Wir sind eine familiäre Gemeinschaft die Spass am spielen hat und mit viel Herzblut und Zeit nochmal die Möglichkeit bietet den "alten Content" zu erleben. Wie oben erwähnt befindet sich unser aktueller Stopp auf lvl 70 wo wir seit Mai 2015 questen, Instanzen besuchen und raiden. Zuvor haben wir erfolgreich die Classic-Instanzen und Raids (MC, BWL, AQ20, AQ40) durchgespielt.

Aktuell ist unser Ziel noch knapp 2 Wochen in Burning Crusade zu verweilen bis wir dann durch die öden Einöden im hohen Norden stapfen. Es ist natürlich jedem selbst überlassen ob er lieber noch eine Weile auf Stufe 70 verweilen möchte und mit uns die Raids angehen oder sich Richtung 75 auf den Weg machen möchte. Stufe 70 + 75 werden dann zusammen (weiterhin Kara und zusätzlich dann Gruul, Maghteridons Kammer, Berg Hyjal, Schlangenschrein, Festung der Stürme, Schwarzer Tempel und das Sonnenbrunneplateau) die Raids stattfinden.

Damit wir eine faire Lootverteilung erreichen, haben wir uns für das Main vor Twink-Prinzip entschieden.

Wir bieten ausserdem kurzweil, ne verrückte Chaotentruppe und eine Menge Spass.

 

Wir suchen motivierte und begeisterte Spieler die den Spass am spielen nicht verloren haben und auch die nötige Zeit mitbringen. Jedwedes Alter ist gern gesehen, solang er sich zu Verhalten weiß und unsere Regeln gelesen und akzeptiert hat.

Wir suchen keine "gogo´ler", Epixxfarmer die nur aufs lila Bling-Bling aus sind, geschweige denn Hardcore-Raider.

Ein Paar Vorabinfos möchte ich noch kurz ans Herz legen:

Damit wir euch besser kennenlernen und auch entsprechend Zeit miteinander verbringen und somit das Gemeinschaftsgefühl stärken, nehmen wir nur bis maximal lvl 30 auf.

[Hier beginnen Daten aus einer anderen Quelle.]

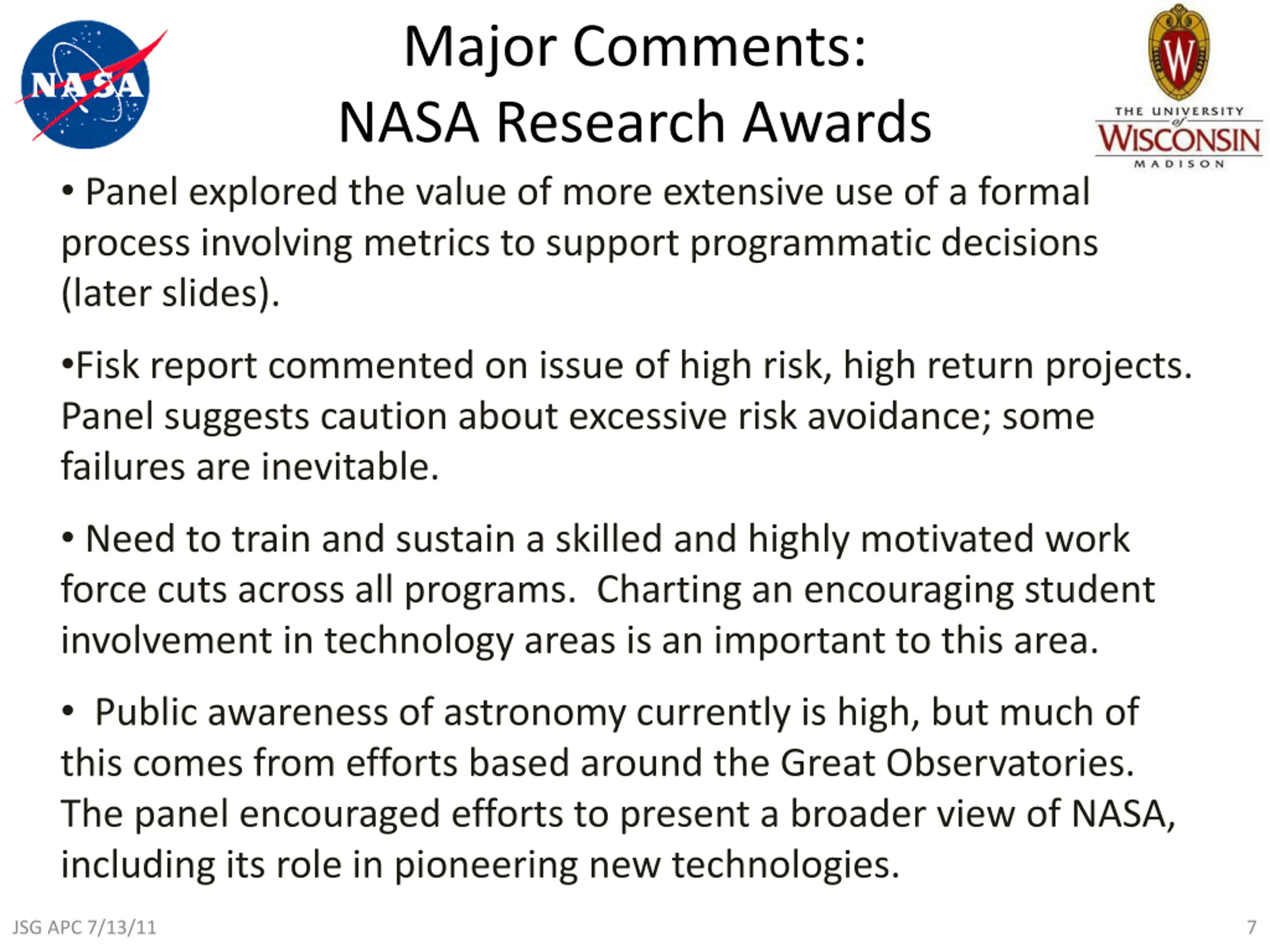 Major Comments: NASA Research Awards Panel explored the value of more extensive use of a formal process involving metrics to support programmatic decisions (later slides). Fisk report commented on issue of high risk, high return projects. Panel suggests caution about excessive risk avoidance; some failures are inevitable. Need to train and sustain a skilled and highly motivated work force cuts across all programs. Charting an encouraging student involvement in technology areas is an important to this area. Public awareness of astronomy currently is high, but much of this comes from efforts based around the Great Observatories. The panel encouraged efforts to present a broader view of NASA, including its role in pioneering new technologies. JSG APC 7/13/11 7

Momentan suchen wir verstärkt nach allen Klassen, allen voran Tanks und Heiler.

Falls ihr neugierig geworden seid und/oder euer Interesse geweckt wurde so schaut einfach bei http://wowgilden.net/Orden-des-wahren-Wissens vorbei, dort könnt ihr auch die Gildenregeln durchlesen und eine kleine, aussagekräftige Bewerbung hinterlassen.

Wir freuen uns auf euch gemeinsam nochmal auf Zeitreise zu gehen!

Beste Grüße
die Gildenleitung des Ordens


----------



## Verdrana (22. September 2016)

Seit heute haben wir eine Level 19 PVP-Sektion eröffnet, da es ja seit Legion wieder möglich sein wird als "levelgestopter" Charakter auf den normalen BGs teilnehmen zu können


----------



## Verdrana (28. Oktober 2016)

Aktuell ist der Levelstop auf Stufe 80 angekommen - Willkommen im kalten Nordend


----------